Menurut Suherman, evaluasi tahunan ini penting agar para pengecer kembali memahami bahwa HET pupuk subsidi merupakan ketentuan yang tidak dapat diubah.
“Kami ingin memastikan pengecer betul-betul paham bahwa HET itu harga mati.
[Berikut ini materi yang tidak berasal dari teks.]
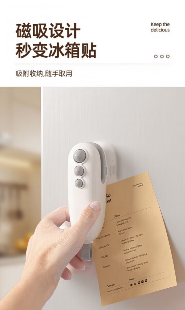 OEMG Japanese style sealing machine new small portable snack artifact household magnetic suction hand pressure plastic bag sealing mini portable sealing machine upgraded version 1cm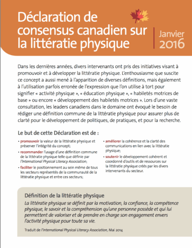 Ces dernières années, divers acteurs se sont engagés dans des activités visant à promouvoir et à développer la littératie physique. L’enthousiasme autour de ce concept a également conduit à une variété de définitions, et parfois à une utilisation inappropriée du terme en l’employant de manière interchangeable avec « activité physique », « éducation physique », « habiletés motrices fondamentales » ou « développement des habiletés motrices ». Lors d’une vaste consultation, les leaders du secteur au Canada ont suggéré qu’une définition commune avec un langage cohérent était nécessaire pour apporter de la clarté au développement des politiques, des pratiques et de la recherche.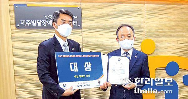한국장애인고용공단 제주지사(지사장 김대연)는 지난 5일 공단 제주지사에서 '2021 중증장애인 고용확대 아이디어 및 코로나 대응 우수사례 공모전' 대상으로 선정된 제주신화월드 행복공작소(주)에 상장(고용노동부 장관상)을 수여했다.

Tidak bisa dirubah dengan alasan apa pun,” katanya.
Adapun HET pupuk subsidi yang berlaku saat ini adalah Rp90.000 per karung untuk pupuk Urea dan Rp92.000 per karung untuk pupuk NPK. Harga tersebut sudah termasuk biaya pengiriman hingga ke lokasi pengecer.
“Karena sudah termasuk ongkos kirim, tidak ada alasan bagi pengecer untuk menjual di atas HET,” tegas Suherman.
Terkait biaya distribusi, Suherman menjelaskan bahwa CV Harum Jaya menanggung sekitar 85 persen biaya pengangkutan pupuk ke pengecer.
Sisanya dilakukan atas permintaan pengecer yang memiliki kendaraan sendiri dengan mekanisme kesepakatan yang transparan.
“Tidak ada unsur pemaksaan. Setiap sewa kendaraan selalu disertai kwitansi sebagai bukti pembayaran,” jelasnya.
Ia juga mengungkapkan bahwa margin keuntungan pengecer sebenarnya sudah cukup, yakni sekitar Rp7.212 per karung atau sekitar 8,71 persen.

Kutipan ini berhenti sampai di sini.